─── INPUT DATA
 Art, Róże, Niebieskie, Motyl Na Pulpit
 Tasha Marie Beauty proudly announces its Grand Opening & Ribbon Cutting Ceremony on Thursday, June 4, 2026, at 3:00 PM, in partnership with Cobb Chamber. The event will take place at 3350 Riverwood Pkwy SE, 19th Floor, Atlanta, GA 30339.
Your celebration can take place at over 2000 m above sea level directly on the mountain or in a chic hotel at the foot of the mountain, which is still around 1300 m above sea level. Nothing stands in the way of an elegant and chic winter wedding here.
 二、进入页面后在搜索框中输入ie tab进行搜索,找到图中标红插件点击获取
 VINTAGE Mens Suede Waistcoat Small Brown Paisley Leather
──────
─── INPUT DATA
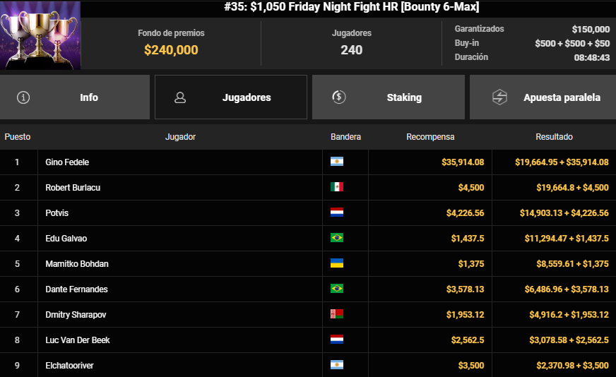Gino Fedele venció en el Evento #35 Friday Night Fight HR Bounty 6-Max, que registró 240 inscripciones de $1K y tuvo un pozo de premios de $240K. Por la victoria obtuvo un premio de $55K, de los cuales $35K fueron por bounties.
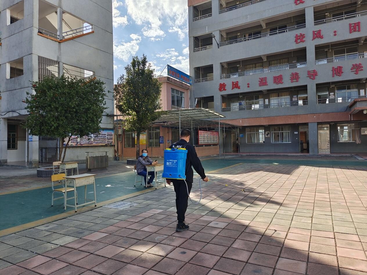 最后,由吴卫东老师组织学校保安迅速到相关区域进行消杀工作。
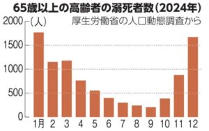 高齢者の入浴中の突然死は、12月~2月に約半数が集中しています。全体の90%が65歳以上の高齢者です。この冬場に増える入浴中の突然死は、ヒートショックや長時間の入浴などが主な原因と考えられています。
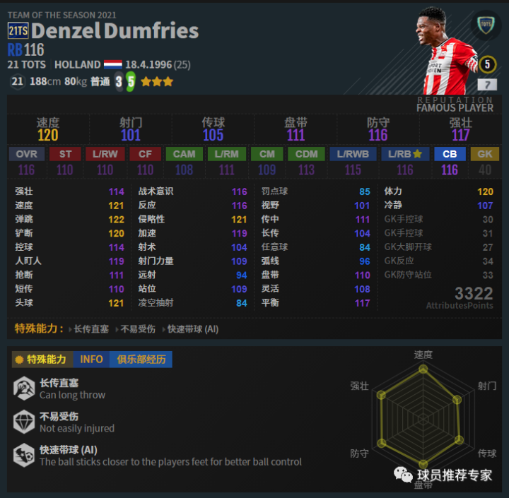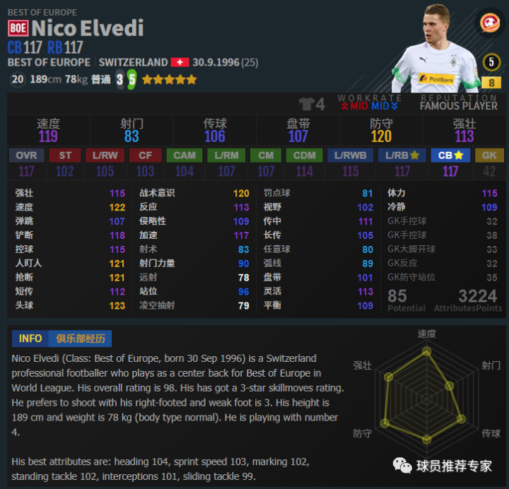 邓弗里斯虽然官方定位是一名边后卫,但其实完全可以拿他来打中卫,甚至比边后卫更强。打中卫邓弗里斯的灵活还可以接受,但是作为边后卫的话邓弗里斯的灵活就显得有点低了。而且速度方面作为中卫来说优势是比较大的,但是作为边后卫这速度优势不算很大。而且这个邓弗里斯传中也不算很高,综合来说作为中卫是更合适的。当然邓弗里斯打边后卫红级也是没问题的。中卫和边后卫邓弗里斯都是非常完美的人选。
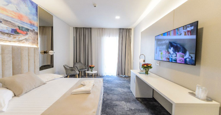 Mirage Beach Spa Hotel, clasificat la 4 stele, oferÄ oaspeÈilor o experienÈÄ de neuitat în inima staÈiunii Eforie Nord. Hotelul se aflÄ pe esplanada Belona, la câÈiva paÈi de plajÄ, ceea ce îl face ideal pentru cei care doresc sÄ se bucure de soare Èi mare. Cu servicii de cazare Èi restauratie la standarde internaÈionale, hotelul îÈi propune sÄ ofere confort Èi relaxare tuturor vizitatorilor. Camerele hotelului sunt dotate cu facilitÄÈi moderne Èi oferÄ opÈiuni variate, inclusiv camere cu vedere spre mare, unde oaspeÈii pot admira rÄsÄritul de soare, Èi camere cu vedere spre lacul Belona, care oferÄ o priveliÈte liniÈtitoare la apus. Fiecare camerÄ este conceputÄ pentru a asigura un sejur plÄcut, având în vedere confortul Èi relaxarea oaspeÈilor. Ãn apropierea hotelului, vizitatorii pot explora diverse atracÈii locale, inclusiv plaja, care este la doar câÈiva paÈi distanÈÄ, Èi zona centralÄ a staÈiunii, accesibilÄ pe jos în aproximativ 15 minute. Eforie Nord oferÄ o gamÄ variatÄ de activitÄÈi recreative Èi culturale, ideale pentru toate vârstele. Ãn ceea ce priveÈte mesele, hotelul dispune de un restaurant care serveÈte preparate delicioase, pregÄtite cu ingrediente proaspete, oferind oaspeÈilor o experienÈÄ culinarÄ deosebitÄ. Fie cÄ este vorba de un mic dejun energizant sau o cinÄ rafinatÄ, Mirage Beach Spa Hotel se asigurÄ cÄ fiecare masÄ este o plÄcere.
──────
> TASK PROMPT: Reproduce the lines above, beginning at the line with "二、进入页面后在搜索框中输入ie tab进行搜索,找到图中标红插件点击获取" and stopping after the line with "VINTAGE Mens Suede", exactly as they are.

> RESULT:
 二、进入页面后在搜索框中输入ie tab进行搜索,找到图中标红插件点击获取
 VINTAGE Mens Suede Waistcoat Small Brown Paisley Leather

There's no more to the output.